**Task objective**
Set down only these lines, exactly: the line containing "Go on the repl.it" and all lines through the end of the data below. Omit pictures.

**Supplied data**
=== Begin Enclosure ===

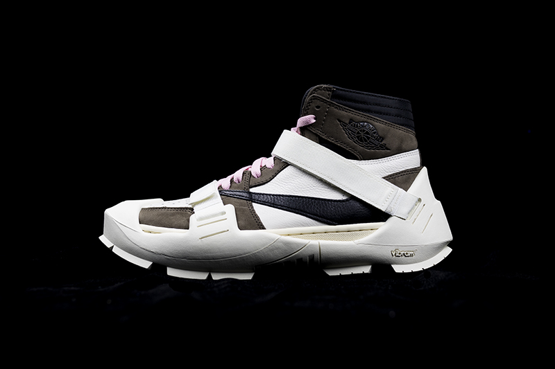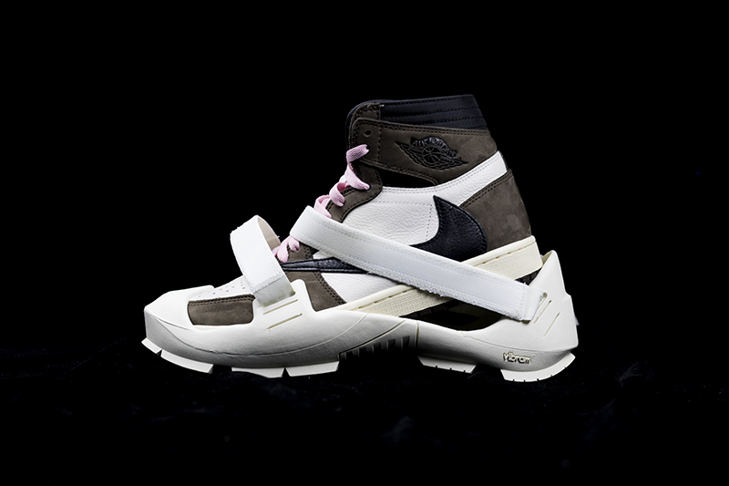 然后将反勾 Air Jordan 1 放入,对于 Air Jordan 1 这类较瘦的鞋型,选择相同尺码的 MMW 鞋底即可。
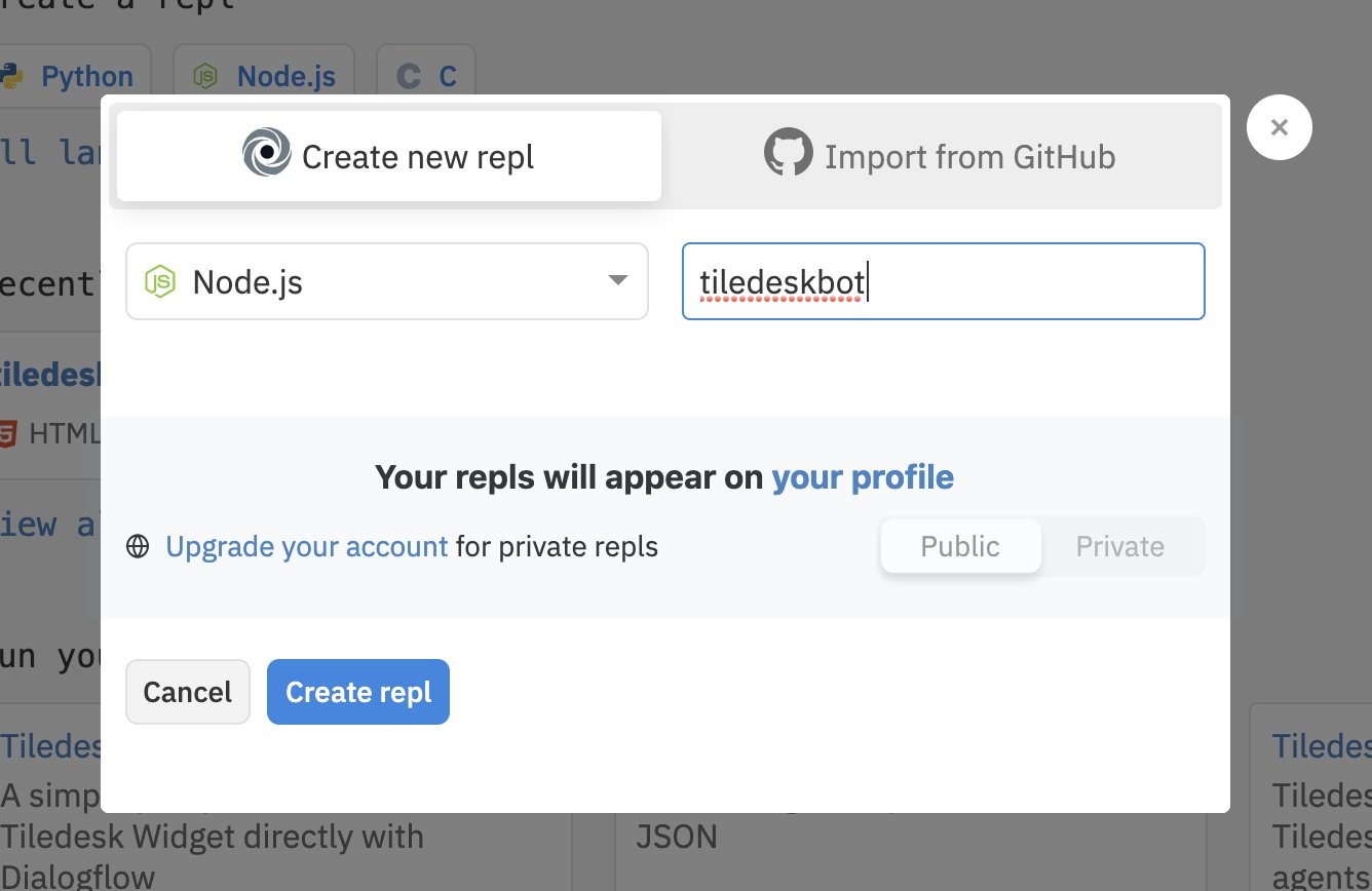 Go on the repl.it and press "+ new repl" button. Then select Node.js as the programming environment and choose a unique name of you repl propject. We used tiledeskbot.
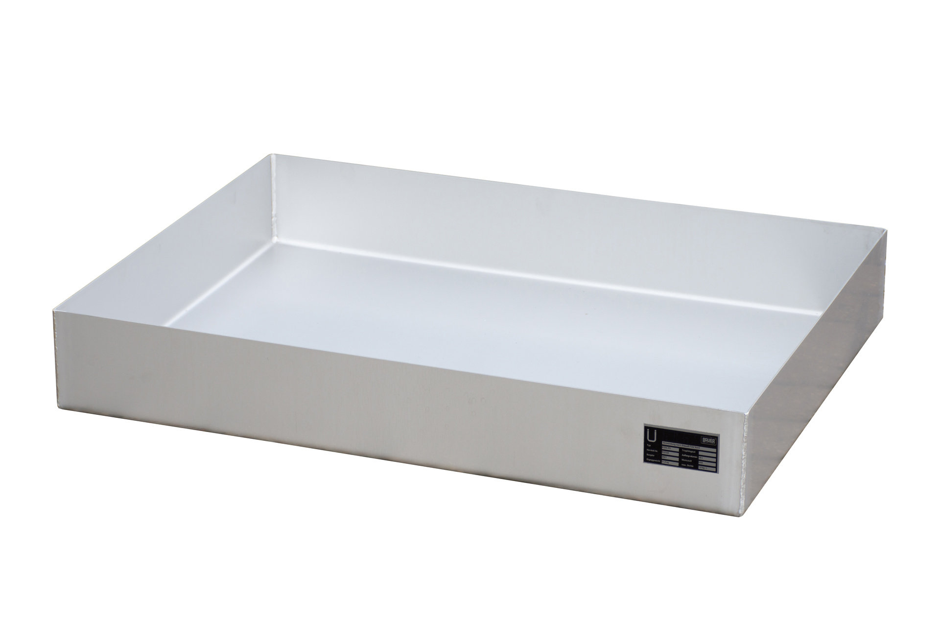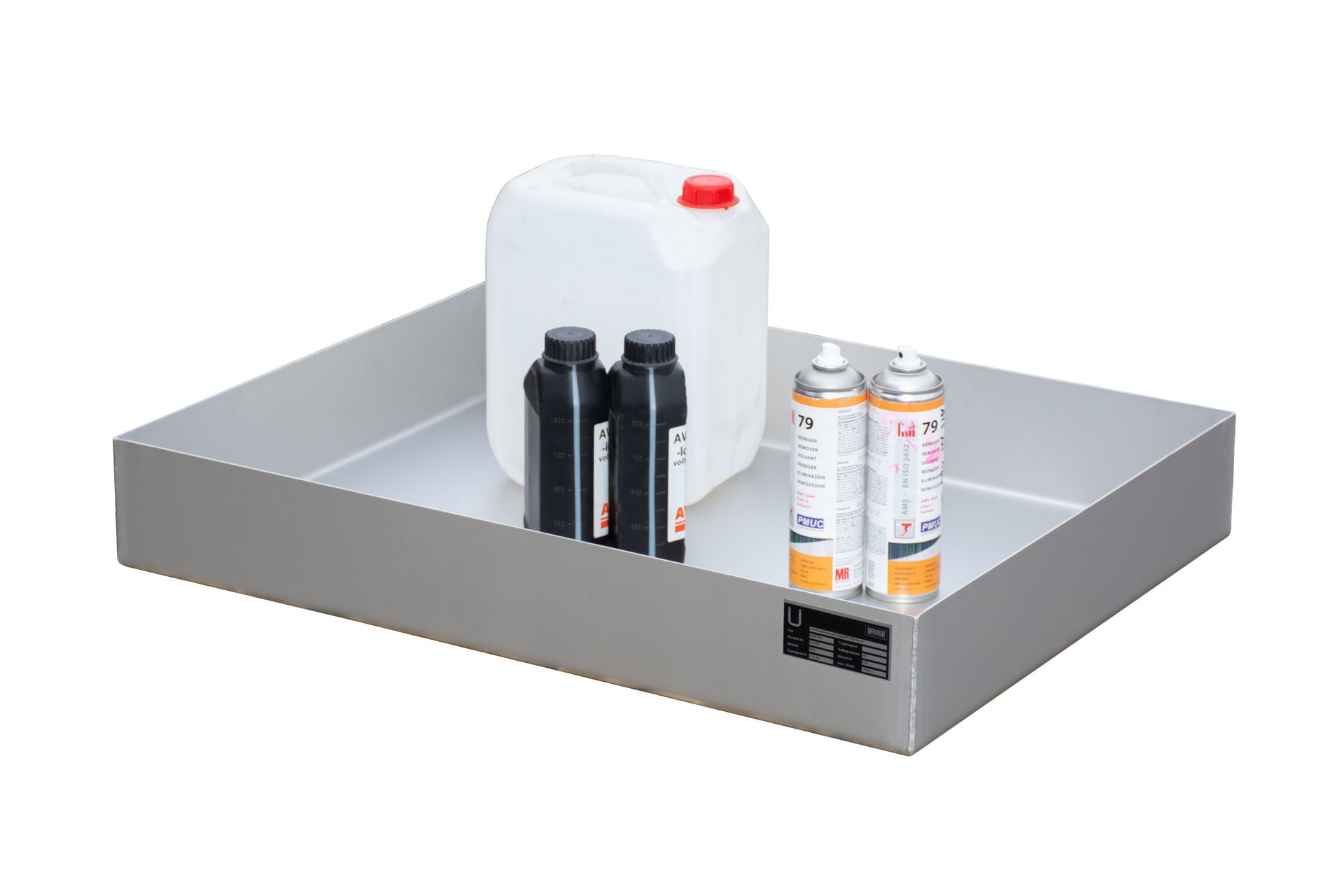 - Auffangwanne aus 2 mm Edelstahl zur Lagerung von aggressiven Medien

=== End Enclosure ===

**Task response**
 Go on the repl.it and press "+ new repl" button. Then select Node.js as the programming environment and choose a unique name of you repl propject. We used tiledeskbot.
 - Auffangwanne aus 2 mm Edelstahl zur Lagerung von aggressiven Medien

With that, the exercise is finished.